**Directions**
What you return must be the exact lines of the material below, from the first through the one that has "# Enemies to", with no pictures and, please, nothing else.

**Information provided**
▶

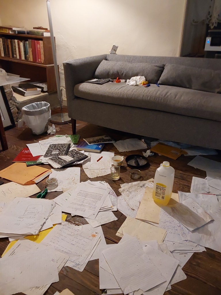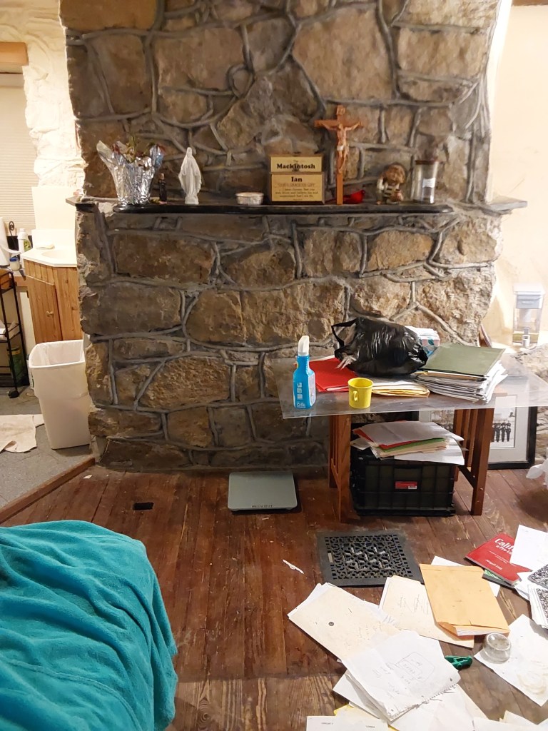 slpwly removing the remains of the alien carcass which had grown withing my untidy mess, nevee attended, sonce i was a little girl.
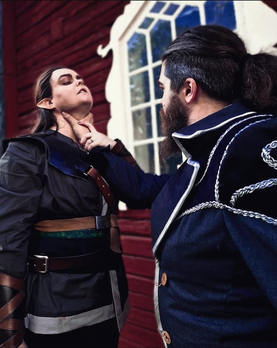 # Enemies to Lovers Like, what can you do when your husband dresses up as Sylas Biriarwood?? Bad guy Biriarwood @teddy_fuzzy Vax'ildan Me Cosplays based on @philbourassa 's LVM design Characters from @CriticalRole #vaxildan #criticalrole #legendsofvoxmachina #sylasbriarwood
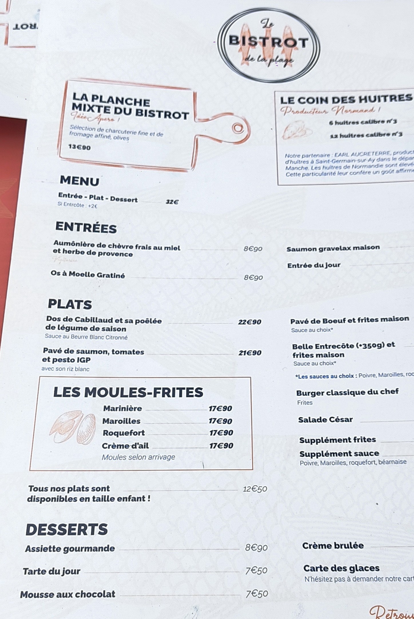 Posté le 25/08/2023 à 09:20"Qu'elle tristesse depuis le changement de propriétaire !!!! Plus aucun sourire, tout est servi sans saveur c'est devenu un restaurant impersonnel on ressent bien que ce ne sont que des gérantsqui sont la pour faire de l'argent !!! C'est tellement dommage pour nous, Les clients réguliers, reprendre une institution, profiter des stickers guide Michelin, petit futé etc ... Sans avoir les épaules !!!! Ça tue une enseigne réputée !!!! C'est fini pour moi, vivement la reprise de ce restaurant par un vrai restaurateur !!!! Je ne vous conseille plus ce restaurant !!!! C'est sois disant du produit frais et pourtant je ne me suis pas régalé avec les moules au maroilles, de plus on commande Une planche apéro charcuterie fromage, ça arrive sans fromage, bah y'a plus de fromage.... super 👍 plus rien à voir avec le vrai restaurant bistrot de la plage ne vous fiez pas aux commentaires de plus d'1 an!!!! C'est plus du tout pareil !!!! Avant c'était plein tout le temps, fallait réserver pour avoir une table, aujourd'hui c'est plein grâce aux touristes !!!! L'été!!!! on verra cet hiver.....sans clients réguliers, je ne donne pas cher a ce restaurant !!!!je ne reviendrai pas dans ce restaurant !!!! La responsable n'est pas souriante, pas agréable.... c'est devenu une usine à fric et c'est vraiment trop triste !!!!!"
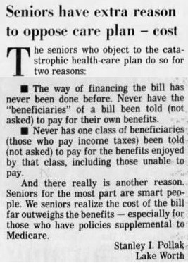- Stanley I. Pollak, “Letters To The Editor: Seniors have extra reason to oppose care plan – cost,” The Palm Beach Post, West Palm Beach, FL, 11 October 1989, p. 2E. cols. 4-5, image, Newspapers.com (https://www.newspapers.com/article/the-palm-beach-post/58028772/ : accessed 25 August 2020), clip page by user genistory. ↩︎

◀

**Task response**
 slpwly removing the remains of the alien carcass which had grown withing my untidy mess, nevee attended, sonce i was a little girl.
 # Enemies to Lovers Like, what can you do when your husband dresses up as Sylas Biriarwood?? Bad guy Biriarwood @teddy_fuzzy Vax'ildan Me Cosplays based on @philbourassa 's LVM design Characters from @CriticalRole #vaxildan #criticalrole #legendsofvoxmachina #sylasbriarwood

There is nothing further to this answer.